> [PROBLEM STATEMENT]:
Copy nothing past the line containing "I opted for". Transcribe every line of the listing below up to and including it, from the first, except pictures.
★ ★ ★
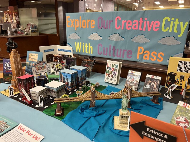 The book display contest, hosted by Culture Pass, asked libraries across New York City to create displays based on the theme of The Creative City. All of the branches approached this topic in their own unique and impressive way. Some libraries recreated the city skyline or made 3D miniatures of famous landmarks. Others went with a subway theme. A few kept the visuals simple and displayed a highly curated selection of books that highlight the people and places of the city. When you go to vote, you can read a message from each library that describes their approach to the theme.
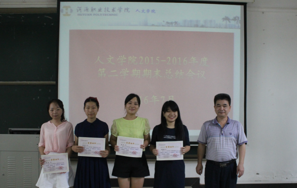 7月14日10点30分,人文学院全体教职工在教学楼C202召开2015-2016学年度第二学期期末总结会议,唐汉芳副校长出席会议。
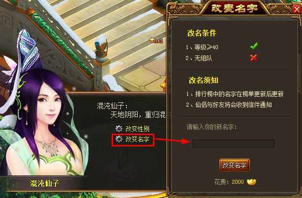 c. 每次改名消耗2000不绑定元宝
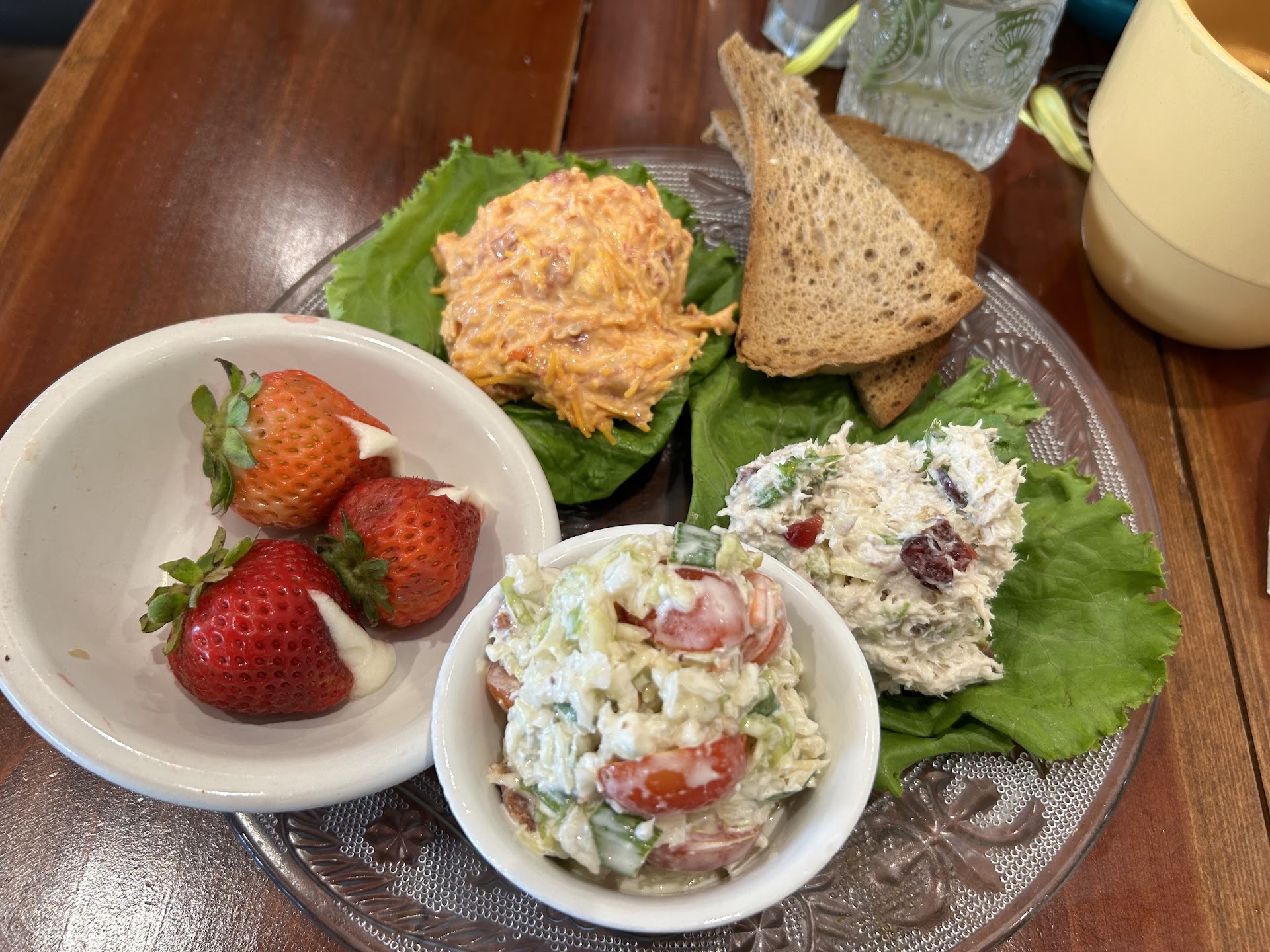 I opted for the Salad Sampler, $14. The Chicken Salad was just as remembered Delicious! The toast was good with the salad on top. My three filled Yummy Strawberries were gone fast!!! I also enjoyed my tomato slaw. It has a nice fresh taste. If you enjoy tomatoes I recommend. As far as the Pimento Salad I wasn’t a fan. I did try a couple of bites but now know that I personally would not order again. It wasn’t terrible it just didn’t have much flavor. Apparently, a lot of others enjoy it since they also sell it in to-go containers. You might like it.
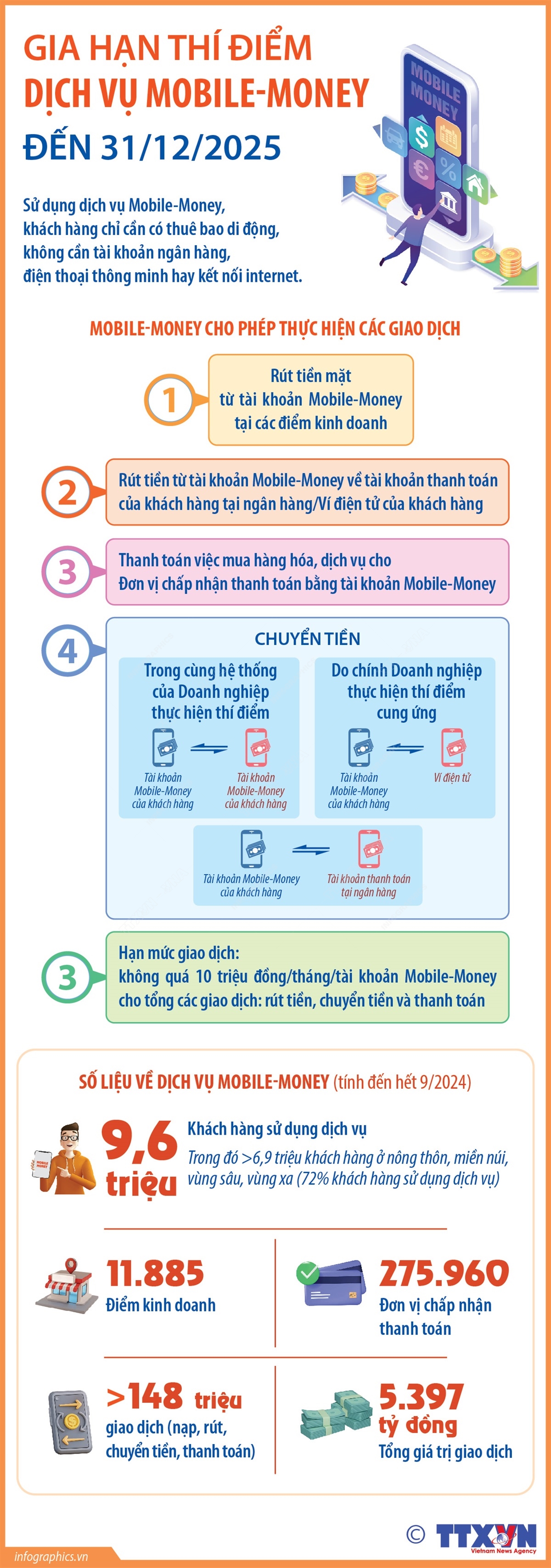 Tại Nghị quyết số 87/NQ-CP ngày 15-4-2025, Chính phủ quyết nghị gia hạn thời gian thực hiện thí điểm dùng tài khoản viễn thông thanh toán cho các hàng hóa, dịch vụ có giá trị nhỏ (Mobile-Money). Theo đó, doanh nghiệp được Ngân hàng Nhà nước Việt Nam chấp thuận thí điểm dùng tài khoản viễn thông thanh toán cho các hàng hóa, dịch vụ có giá trị nhỏ được tiếp tục thí điểm từ ngày 1-1-2025 đến hết ngày 31-12-2025.
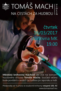 Ve čtvrtek 16. března vás zveme na koncert houslového virtuosa Tomáše Macha. Součástí večera bude povídání o cestách za hudbou po Japonsku a Indii. Koncert začíná v 19 hodin ve studovně. ...
★ ★ ★
> [WORKED SOLUTION]:
 The book display contest, hosted by Culture Pass, asked libraries across New York City to create displays based on the theme of The Creative City. All of the branches approached this topic in their own unique and impressive way. Some libraries recreated the city skyline or made 3D miniatures of famous landmarks. Others went with a subway theme. A few kept the visuals simple and displayed a highly curated selection of books that highlight the people and places of the city. When you go to vote, you can read a message from each library that describes their approach to the theme.
 7月14日10点30分,人文学院全体教职工在教学楼C202召开2015-2016学年度第二学期期末总结会议,唐汉芳副校长出席会议。
 c. 每次改名消耗2000不绑定元宝
 I opted for the Salad Sampler, $14. The Chicken Salad was just as remembered Delicious! The toast was good with the salad on top. My three filled Yummy Strawberries were gone fast!!! I also enjoyed my tomato slaw. It has a nice fresh taste. If you enjoy tomatoes I recommend. As far as the Pimento Salad I wasn’t a fan. I did try a couple of bites but now know that I personally would not order again. It wasn’t terrible it just didn’t have much flavor. Apparently, a lot of others enjoy it since they also sell it in to-go containers. You might like it.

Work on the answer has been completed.